Investigation idling in case of journalist murdered at her home one year ago. June 11 marked one year since unknown attackers shot and killed reporter Norma Sarabia in her Huimanguillo residence, yet there has been little movement in the investigation announced on Twitter by the state attorney general’s office at the time. Sarabia, 46, was a correspondent in the Tabasco town near the border with Guatemala for newspapers Diario Presente and Tabasco HOY. She is one of 54 journalists killed in Mexico between 1992 and 2020.

7. Mohamed Monir (Egypt)

Journalist in poor health being held in pretrial detention without court date. Plainclothes security officers in Giza arrested veteran journalist and freelance columnist Mohamed Monir on June 15 and ordered pretrial detention for 15 days, a period that can be renewed or extended at the court’s request. Egypt’s national security prosecutor charged Monir with joining a terrorist group, spreading false news and misusing social media. The 65-year-old suffers from diabetes, high blood pressure and severe heart problems. He had recently written for Al Jazeera and criticized the government’s handling of the COVID-19 pandemic.

8. Samuel Wazizi (Samuel Ajiekah Abuwe) (Cameroon

Officials reveal journalist died in custody last August. In June, Cameroonian military announced that news anchor Samuel Wazizi died last August, days after being transferred from police to military custody and held incommunicado. They denied any torturous treatment and alleged that Wazizi died of “severe sepsis.” Lawyers say he was accused of hosting separatist fighters on his farm, an allegation he dismissed. He had worked as a freelance photographer and cameraman as well as a news anchor for privately-owned broadcaster Chillen Muzik and TV (CMTV) covering military atrocities.

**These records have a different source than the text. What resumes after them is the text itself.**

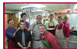
The Kitchen Crew of Beta Sig Brunch, with the star of the show, Cookie!
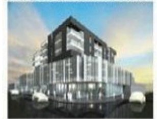
DNR BURGUNDY STREET & ROSMARA ROAD REDEVELOPMENT
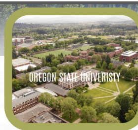
OREGON STATE UNIVERSITY
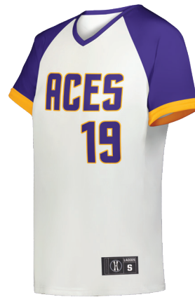
All Over 2.0
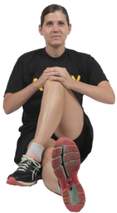
Stretch position 1
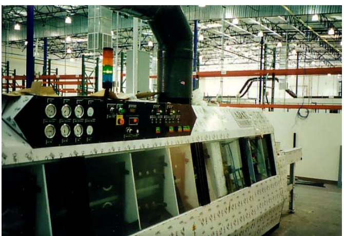
Figure 4-4. Conveyorized Printed Circuit Board Cleaning System

There are several types of flux that can be used to prepare for the soldering operation. First, some companies use low solids flux (sometimes called no-clean flux) that does not require removal with any cleaning agent. Conversion to low solids flux that does not have to be removed is one alternative to using NPB for flux removal. Second, water soluble fluxes are widely available and are used routinely by many companies. This type of flux can be removed with plain deionized (D.I.) water. Third, water-based cleaners called saponifiers can be used to remove traditional rosin based flux. The process involves using a formulated water cleaner and rinsing the boards with D.I. water. In both types of water cleaning, dryers are used to dry the boards after cleaning. A typical water cleaning conveyorized board cleaning system is shown in Figure 4-4.
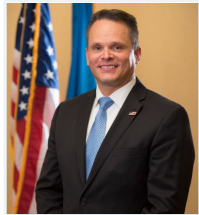
Trinidad Navarro Delaware Insurance Commissioner

A breast cancer diagnosis can be scary and thinking about insurance may be the last thing on your mind, but it's an important piece of treatment that must be considered.
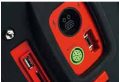
RIGHT SIDE WITHOUT CABLE
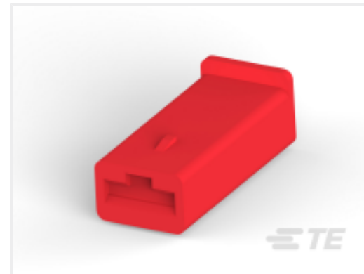
TE Part # 180905-1 FF 250 REC HSG 1P NYLON RED
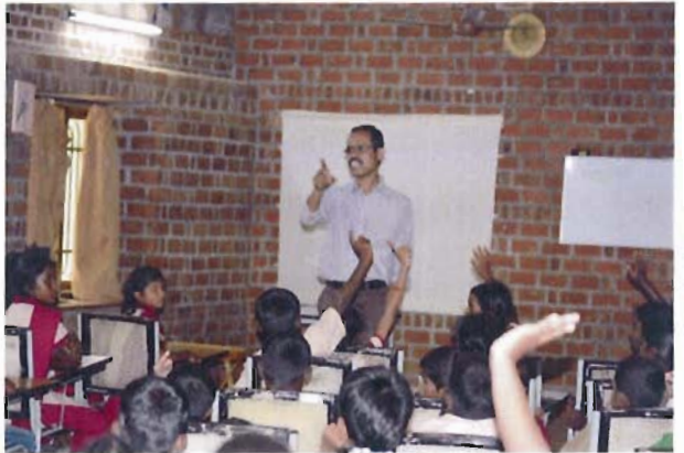
Awaiting to pose questions

9. Abdulmumin Gadzhiev (Russia)

Authorities bring additional allegations against editor in pretrial detention. Since his arrest on terrorism charges in June 2019, authorities have also charged Abdulmumin Gadzhiev with participation in an extremist organization and extended his pretrial detention. The new allegation could add 10 years in prison to the potential 20 years Gadzhiev faces on the original charges. He had been working as editor of the religious section of the independent Chernovik newspaper.

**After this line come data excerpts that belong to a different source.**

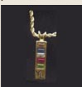
It So Simple14K Gold Pendant - Synthetic Stones
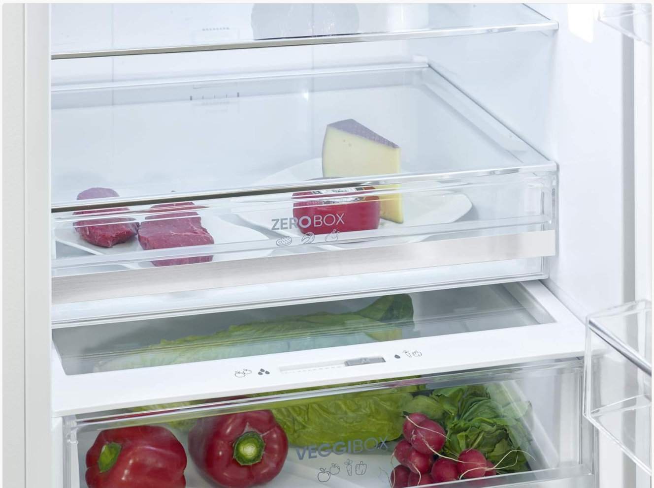
Image: Detailed view of the ZeroBox and VeggiBox drawers, designed for optimal storage of specific food types.
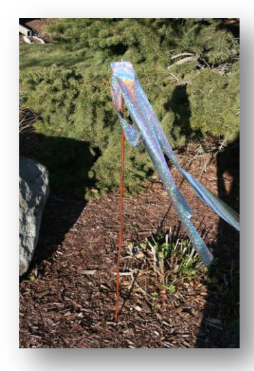
Irri-tape , cut into strips and stapled to stakes so they flutter in the breeze, can help deter animals.
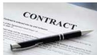
ERRORS AND OMISSIONS
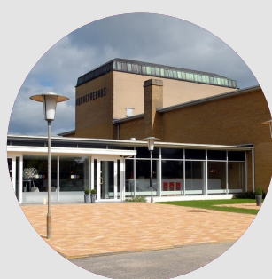
HOTEL NORHERREDHUS 3* NORDBORG, DENMARK 29 ROOMS
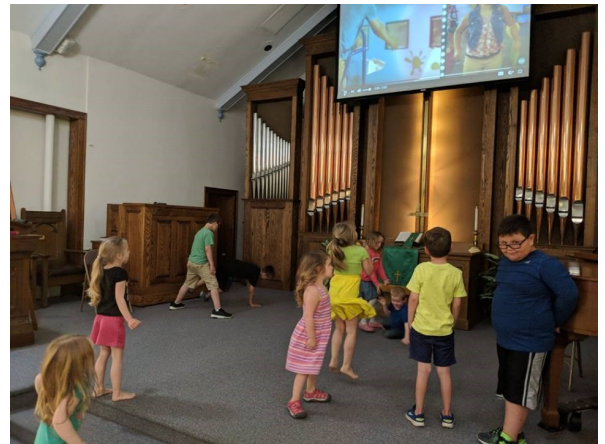
Dancing at the 2018 talent show!
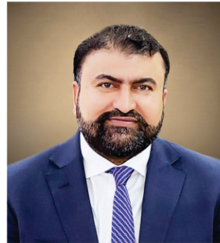
Chief Minister Balochistan, Mir Sarfraz Bugti

Transforming Water Management in Balochistan Irrigation Department's Groundbreaking Projects for a Resilient Future Boosting Dam Storage Capacity Securing Water for Future Generations: Enhanced storage ensures a consistent supply for irrigation and domestic needs. Expanding Command Areas: Addressing water scarcity with sustainable solutions. Flood Protection Walls: Safeguarding Lives and Lands Mitigating Flood Damage: Protecting communities and agricultural lands from erosion and water logging. Stabilizing the Economy: Ensuring farming sustains livelihoods during flood seasons. New Dams in Southern Balochistan: A Game-Changer Flood Control and Irrigation: Reliable water flow boosts agricultural productivity. Empowering Local Communities: Stimulating economic growth and creating jobs. Remodeling of the Pat-Feeder Canal Enhancing Water Efficiency: Supporting reliable and widespread water distribution. Empowering Farmers: Enabling effective irrigation and improving crop yields. A Vision for Sustainable Development Comprehensive Water Solutions: Addressing scarcity, flood management, and agricultural needs. Building a Resilient Future: Investments in infrastructure to uplift rural communities.

10. Jamal Khashoggi (Saudi Arabia)

Calls for continued investigation into journalist’s death at the hands of government. Democrats in the U.S. House of Representative are reportedly working on new legislation to push for the release of secret findings regarding the full extent of Saudi Arabia’s role in Jamal Khashoggi’s killing. The Washington Post columnist died inside Istanbul’s Saudi consulate in 2018. Calls remain for the executive branch to release an intelligence report as well as for an independent criminal investigation and probe into the crown prince’s ordering of the extrajudicial killing.